Le 4 octobre 1930, le R 101 qui est le plus grand dirigeable du monde, est prêt à décoller de Cardington en direction des Indes. A 2 h 10 du matin, l’effroyable catastrophe aérienne se produit au dessus de la Picardie.
Cette tragédie aurait pu alourdir la longue liste des catastrophes. Cependant, une troublante manifestation paranormale ne va pas tarder à apparaître. Ces messages d’agonisants qui accusent les responsables du drame doivent-ils être versés au dossier de la « vie après la mort » ?

La construction du R 101

Depuis la guerre de 1914-1918, on croit à l’avenir de la navigation aérienne. L’Atlantique a déjà été plusieurs fois traversé. Il y a notamment eu l’exploit, en 1927, de Charles Lindbergh qui a réussi cet exploit en solitaire sur Spirit of Saint Louis.

Malgré tout, on ne croit pas encore à l’avion. Sur terre comme sur mer, la mode est aux trains de luxe et aux grands paquebots.

On rêve donc d’un ballon dirigeable géant et somptueux. Le zeppelin a déjà fait ses preuves et sur de longues distances.

En 1924, les Britanniques décident de mettre en chantier une véritable flotte de dirigeables. Normalement, les prototypes seront les plus grands dirigeables jamais construits, pouvant transporter une centaine de passagers, à la vitesse de 100 km/h.

Le gouvernement travailliste, soumis à des pressions, commande deux dirigeables. L’un à une société privée (Vickers), l’autre à une entreprise d’Etat.

L’équipe de Vickers s’installe dans le Yorkshire, tandis que l’équipe gouvernementale remet en état la base aérienne de Cardington.

Les deux équipes ne tardent pas à entrer en compétition. Au lieu de travailler en commun, chacune garde ses petits « secrets » de fabrication.

Au lieu de résoudre les problèmes ensemble, chaque équipe commet des erreurs et refuse de partager les solutions.

Alors que le dirigeable de Vickers s’est montré opérationnel lors des essais, celui de l’équipe gouvernementale a vu son enveloppe s’ouvrir sur plus de 30 m.
C’est humiliant et même menaçant pour le gouvernement. En effet, on a déjà annoncé que seul le plus performant serait retenu.

Le R 101 lors d'un essai de vol ( © Mary Evans Picture Library)
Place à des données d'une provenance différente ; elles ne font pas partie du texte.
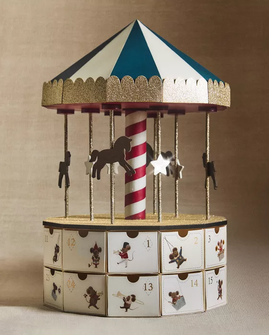 Si ninguno de los anteriores te convence, no te preocupes, puedes crear tu propio calendario de adviento. En cada casilla puedes meter pequeños regalos, detalles hechos a mano, notas especiales o lo que se te ocurra. Zara Home ha diseñado un precioso calendario de papel con forma de carrusel con 24 ventanas numeradas. Zara Home (39,99 euros).
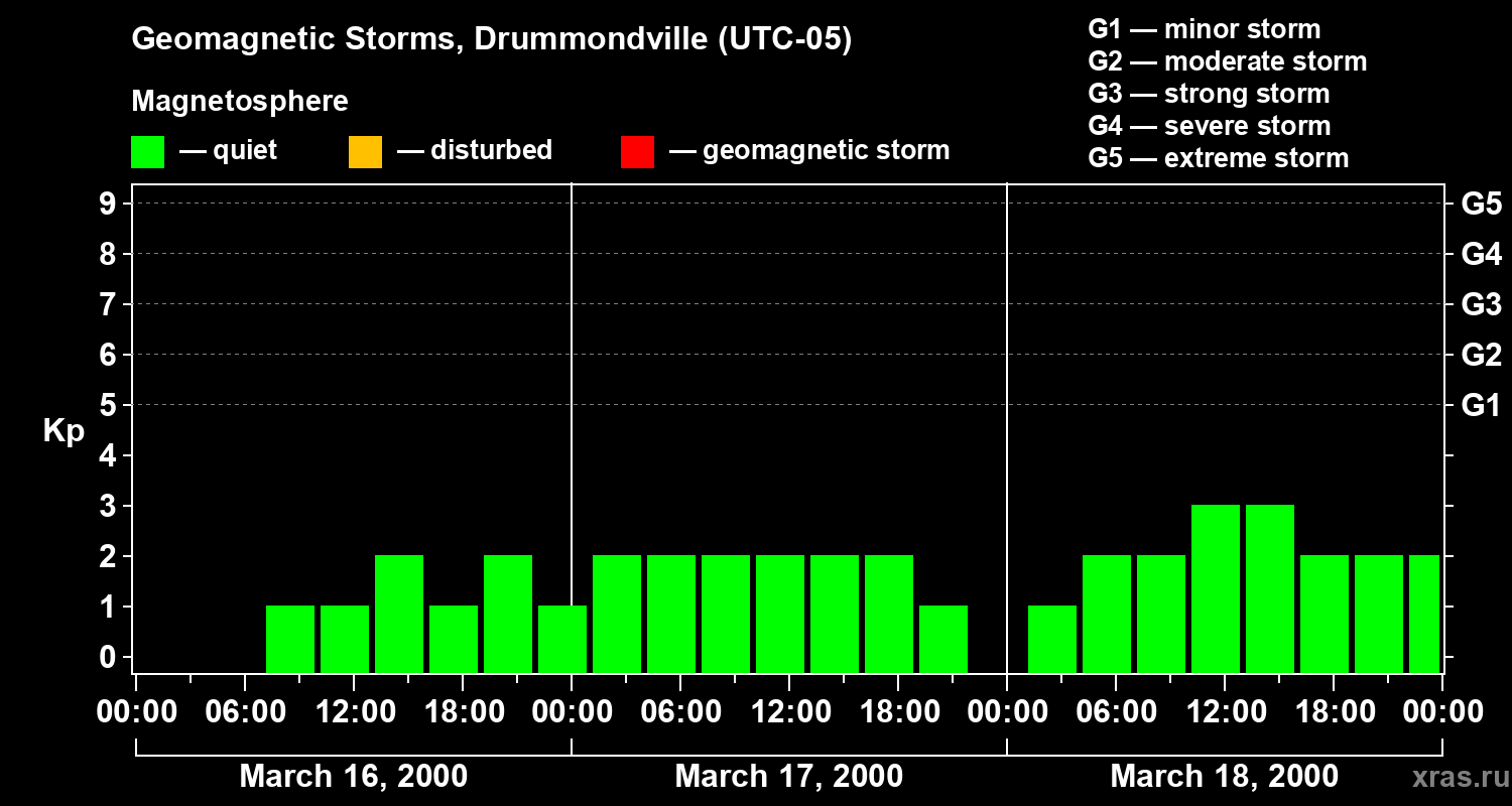 Geomagnetic storms in Drummondville — Mar 18, 2000

La première destination sera les Indes et l’on imagine déjà un voyage triomphal. D’autant plus que le ministre de l’Air, Lord Thomson, intrigue pour devenir vice-roi des Indes.
Il doit impérativement être à Londres à la mi-octobre. Il est donc obligatoire que le dirigeable prenne l’air tout début octobre.

L’engin est pourtant loin d’être opérationnel. Peu importe, le 4 octobre 1930, à 18 h 30, il est prêt à partir.
Il s’arrache à grand-peine du mât d’amarrage et une heure et demi plus tard, il survole Londres.
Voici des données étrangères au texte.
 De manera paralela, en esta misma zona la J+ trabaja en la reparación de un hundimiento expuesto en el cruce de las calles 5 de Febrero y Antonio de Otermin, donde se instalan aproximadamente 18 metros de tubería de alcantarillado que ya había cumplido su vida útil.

A 21 h 30, il pénètre dans l’espace aérien français. Personne, à bord, ne semble avoir remarqué la basse altitude de l’appareil. Quand il arrive près de Beauvais, il n’est qu’à 90 m du sol et le drame ne va pas tarder à arriver.

Il n’y aura que 6 survivants. Lord Thomson est mort dans l’accident ainsi que tous les passagers.
Les 6 survivants sont des membres de l’équipage dont le témoignage ne sera pas d’une grande utilité. Aucun ne saura expliquer les causes du drame.

Le dernier voyage du plus grand dirigeable du monde

Dans cette nuit du 5 octobre 1930, il pleut sur la région de Beauvais, dans le nord de la France. Un braconnier, qui est en train de poser des collets, entend soudain de curieux bruits dans le ciel.
En levant la tête, il aperçoit un grand objet, brillamment éclairé, qui tombe lentement. L’objet se rapproche de lui, tandis qu’un vacarme de moteurs lui déchire les oreilles.

Eugène Rabouille voit enfin le géant du ciel piquer du nez, tenter de se redresser et finir par percuter une colline.

En un instant, la colline s’embrase et il est projeté au sol par l’explosion. Quand il se relève, il entend de sinistres hurlements à travers les flammes.
Il voit des silhouettes se débattre pour tenter d’échapper au brasier.

Des curieux devant les poutrelles calcinées du R 101 qui était long de 240 m ( © Popperfoto)

Le dirigeable britannique R 101 avec ses 48 passagers et hommes d’équipage, vient de disparaître.

Cet accident fera perdre aux Anglais la foi dans l’avenir de ce mode de transport. Il sera également l’occasion de très curieuses manifestations paranormales.

La commission d’enquête rendra les conclusions suivantes : »La cause exacte de l’accident serait une soudaine perte de gaz dans un des sacs avant. Le R 101 n’aurait pas dû entreprendre ce voyage vers les Indes et il ne l’a fait que pour des raisons politiques. »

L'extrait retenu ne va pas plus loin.